Tuesday 21 October 2008

Staging Tables and Statistics in Oracle

As we should all know, Oracle 10g only has a cost based optimiser for executing SQL statements, and all of its decisions are based on the statistics it has about the tables in the database. Generally this works well, and there is also a default job that runs each day to keep these statistics up to date. Where there can be a problem though is with tables that are used to stage intermediate results during a series of processing steps.

Such tables often start off empty, are loaded with data produced by the first steps in processing, and then read and processed by the subsequent steps. Eventually the data will be deleted from the staging table as its processing is finished. Because the statistics on these tables indicate that they are empty or near empty, Oracle will simply scan them rather than use any index. When the data set being processed is small, this mistake can go unnoticed, with little effect on the overall performance and elapsed time. However, as the data set being processed gets larger and larger so the effects of the wrong execution plan become larger too, and the elapsed time grows and grows.

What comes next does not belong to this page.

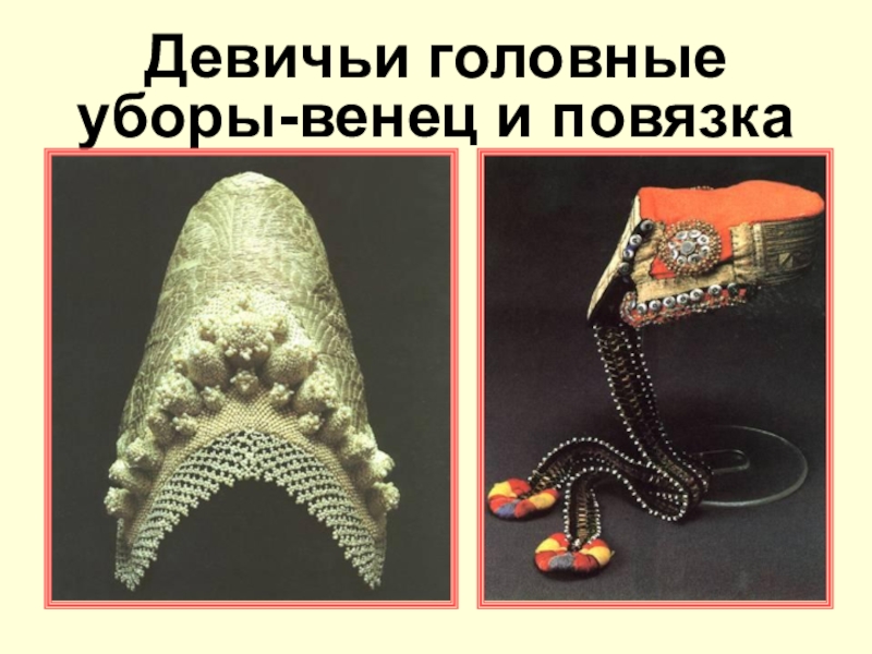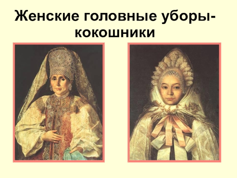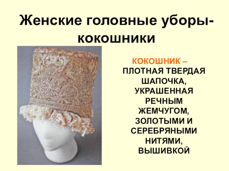 Женские головные уборы- кокошники КОКОШНИК – ПЛОТНАЯ ТВЕРДАЯ ШАПОЧКА, УКРАШЕННАЯ РЕЧНЫМ ЖЕМЧУГОМ, ЗОЛОТЫМИ И СЕРЕБРЯНЫМИ НИТЯМИ, ВЫШИВКОЙ

The solution of course is to update the statistics on such a staging table after the data has been loaded into it, so that Oracle can make the right decisions. There are a number of ways to do this, which I'll get onto, and you can also find out elsewhere on the web easily enough.

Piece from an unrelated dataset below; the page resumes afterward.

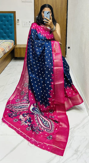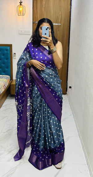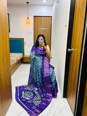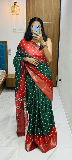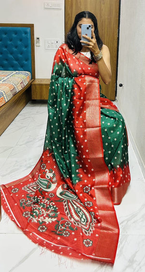Bandhej Printed Dola Silk Saree With Kalamkari Printed Pallu

The other thing to be aware of in this situation is temporary tables - global temporary tables as Oracle calls them - where the data in the temporary table is session private and is deleted when the session disconnects. These temporary tables are also often used to stage data that is being processing in a series of steps, and have certain potential advantages - data is private to each session, and the data is automatically deleted when the session disconnects.

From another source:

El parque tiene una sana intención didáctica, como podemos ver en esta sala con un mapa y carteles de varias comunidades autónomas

However, there are issues with collecting statistics on such temporary tables, which you must be aware of. The net result is that it is basically impossible to collect statistics on such temporary tables. You have to use another mechanism to set the statistics on a temporary table.

For normal data tables you can use the GATHER_TABLE_STATS procedure in the DBMS_STATS package to gather up to date statistics on the table after the data has been loaded into it. By leaving other options to their default values, Oracle should also update the statistics on the indexes too.

If you want to avoid the elapsed time associated with the full GATHER_TABLE_STATS you can instead run DELETE_TABLE_STATS. In such situtations when the Oracle optimiser has no statistics on a table it samples the table itself to make some estimates for those statistics. This is termed dynamic sampling. In principle this ensures that the optimiser has some statistics on the table that reflect its size and data distribution. Again this will not work as intended for a temporary table.

And finally you can use SET_TABLE_STATS to explicitly set statistics such as the row count of the table. This avoids the gathering of statistics associated with either full statistics or dynamic sampling, and works for temporary tables too.

Although this may not seem earth shattering, having correct and valid statistics is critical to the way Oracle 10g works. And poor performance and wrong behaviour from Oracle when executing queries can often be due to poor or incorrect statistics. Often developers can forget about this, assuming that the overnight job will keep the statistics up to date - a database administrator's responsibility. But these temporary staging tables are something that change so frequently that they can never have up to date or correct statistics on them, no matter what the database administrators do. Which in turn means that they must be dealt with explicitly within the application code, to somehow set the statistics to suitable values using one of the mechanisms just described. Only then will Oracle access the data in these tables in an optimal way.